### Dataset
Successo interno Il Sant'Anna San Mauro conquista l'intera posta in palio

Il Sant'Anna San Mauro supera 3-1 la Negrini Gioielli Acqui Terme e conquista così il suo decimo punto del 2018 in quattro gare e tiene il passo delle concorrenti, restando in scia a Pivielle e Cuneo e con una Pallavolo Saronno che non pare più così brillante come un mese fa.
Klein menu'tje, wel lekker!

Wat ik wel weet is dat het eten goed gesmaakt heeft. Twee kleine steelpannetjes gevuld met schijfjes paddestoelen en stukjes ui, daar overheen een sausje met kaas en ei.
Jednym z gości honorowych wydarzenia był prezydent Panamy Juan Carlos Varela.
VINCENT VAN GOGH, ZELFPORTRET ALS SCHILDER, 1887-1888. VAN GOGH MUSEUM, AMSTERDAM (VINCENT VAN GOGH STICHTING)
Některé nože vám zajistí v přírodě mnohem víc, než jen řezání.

* * *

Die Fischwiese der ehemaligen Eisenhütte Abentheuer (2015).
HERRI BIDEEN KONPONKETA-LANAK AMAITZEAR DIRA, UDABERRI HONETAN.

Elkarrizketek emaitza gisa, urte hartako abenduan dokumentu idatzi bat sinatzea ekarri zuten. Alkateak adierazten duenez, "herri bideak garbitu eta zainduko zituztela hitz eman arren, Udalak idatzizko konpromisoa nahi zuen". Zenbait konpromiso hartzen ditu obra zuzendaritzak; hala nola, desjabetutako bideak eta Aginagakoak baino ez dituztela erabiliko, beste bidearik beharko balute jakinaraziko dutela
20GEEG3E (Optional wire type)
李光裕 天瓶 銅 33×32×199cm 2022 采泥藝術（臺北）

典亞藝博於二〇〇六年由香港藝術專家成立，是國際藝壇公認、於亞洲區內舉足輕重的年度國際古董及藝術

### Exercise description
Write down, word for word, the lines above from the one containing "Il Sant'Anna San Mauro supera" through the one containing "Klein menu'tje, wel lekker!", both ends included.

### Solution to this exercise
Il Sant'Anna San Mauro supera 3-1 la Negrini Gioielli Acqui Terme e conquista così il suo decimo punto del 2018 in quattro gare e tiene il passo delle concorrenti, restando in scia a Pivielle e Cuneo e con una Pallavolo Saronno che non pare più così brillante come un mese fa.
Klein menu'tje, wel lekker!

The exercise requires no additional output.